• How to complete this task: What is needed is an exact reproduction of the lines in the records below, starting at the line with "Brighten your day" and ending at the line with "दिल्ली की पूर्व", both included, and nothing else; pictures stay out.

• The data:
##############################

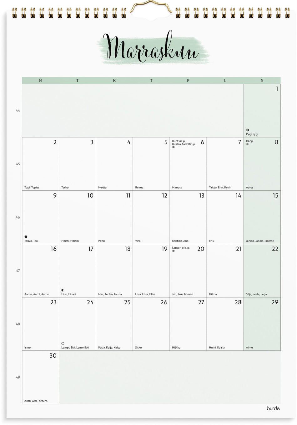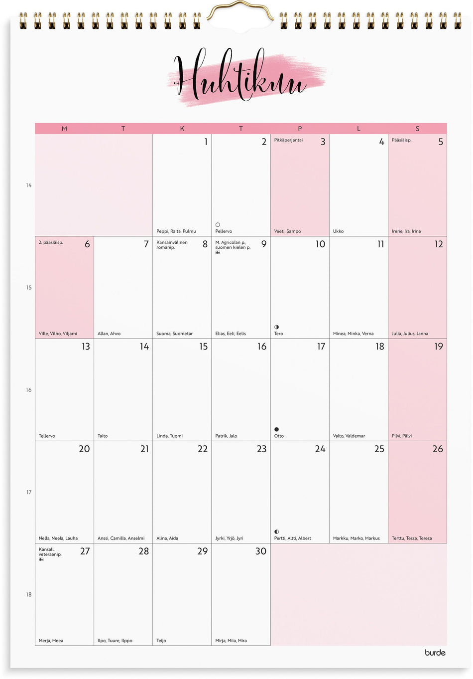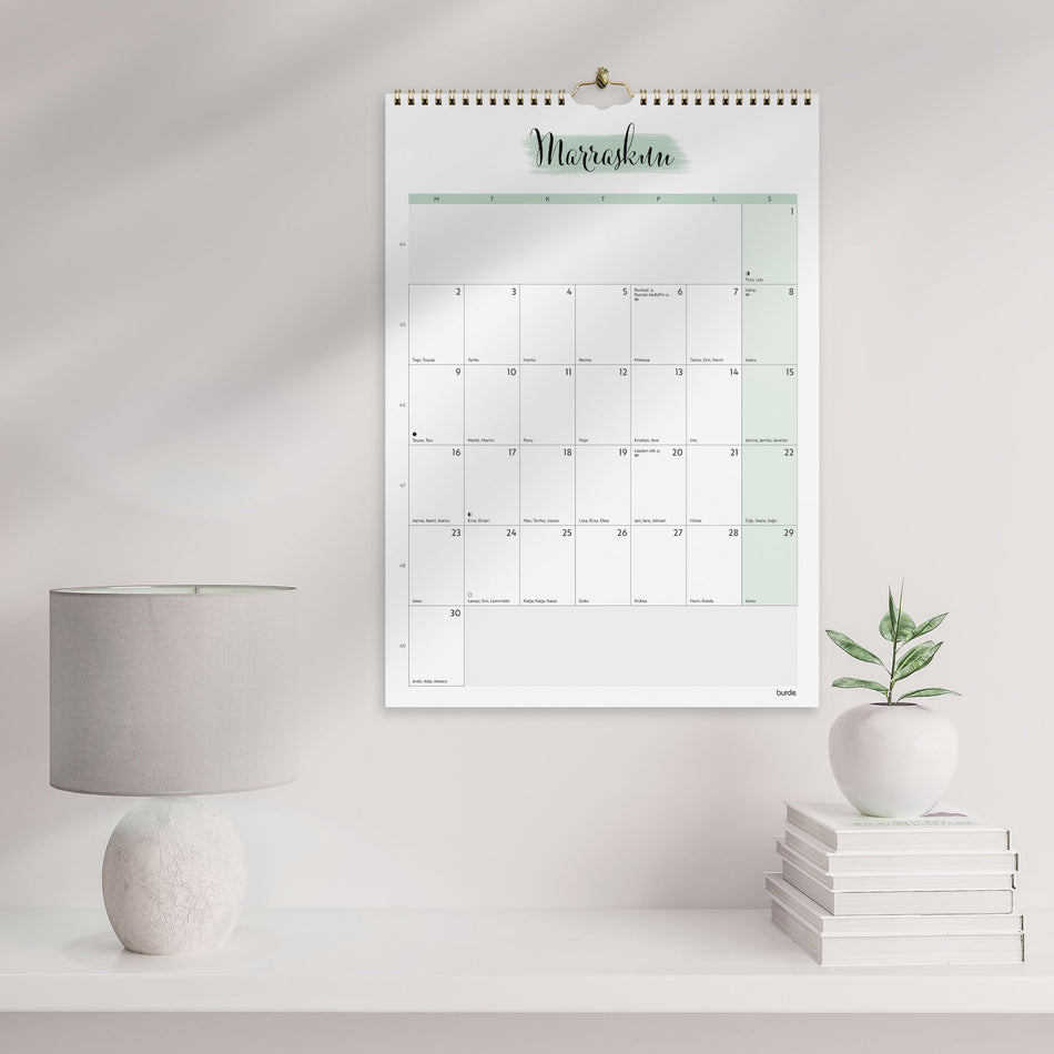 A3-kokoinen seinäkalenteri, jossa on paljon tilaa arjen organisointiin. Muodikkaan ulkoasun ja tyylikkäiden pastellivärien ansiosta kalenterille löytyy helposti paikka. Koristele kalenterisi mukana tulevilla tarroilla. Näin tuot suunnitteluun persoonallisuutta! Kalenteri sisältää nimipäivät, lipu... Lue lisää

##############################

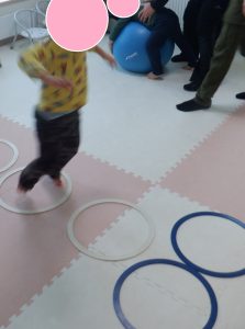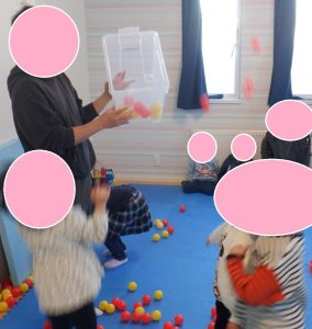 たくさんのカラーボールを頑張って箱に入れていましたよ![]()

##############################

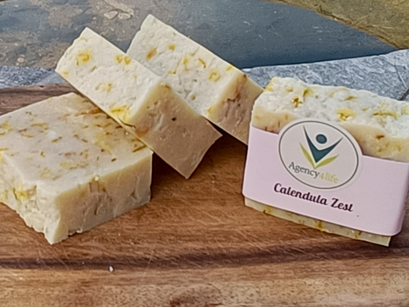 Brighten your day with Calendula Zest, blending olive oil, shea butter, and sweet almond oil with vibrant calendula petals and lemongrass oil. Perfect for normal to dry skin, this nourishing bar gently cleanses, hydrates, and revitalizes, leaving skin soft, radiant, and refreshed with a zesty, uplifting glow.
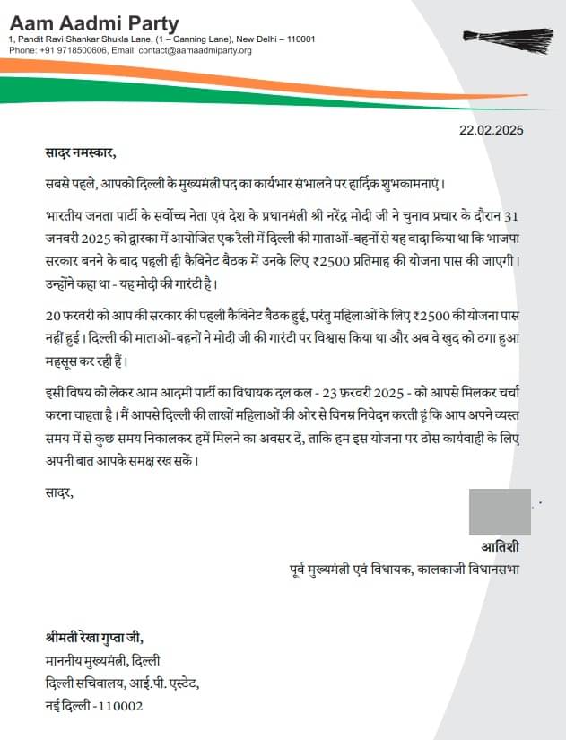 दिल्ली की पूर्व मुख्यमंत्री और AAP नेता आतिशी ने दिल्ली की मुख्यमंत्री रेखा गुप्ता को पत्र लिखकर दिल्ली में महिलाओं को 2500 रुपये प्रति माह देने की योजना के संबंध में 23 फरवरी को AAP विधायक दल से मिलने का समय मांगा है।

##############################

• Answer to the problem:
 Brighten your day with Calendula Zest, blending olive oil, shea butter, and sweet almond oil with vibrant calendula petals and lemongrass oil. Perfect for normal to dry skin, this nourishing bar gently cleanses, hydrates, and revitalizes, leaving skin soft, radiant, and refreshed with a zesty, uplifting glow.
 दिल्ली की पूर्व मुख्यमंत्री और AAP नेता आतिशी ने दिल्ली की मुख्यमंत्री रेखा गुप्ता को पत्र लिखकर दिल्ली में महिलाओं को 2500 रुपये प्रति माह देने की योजना के संबंध में 23 फरवरी को AAP विधायक दल से मिलने का समय मांगा है।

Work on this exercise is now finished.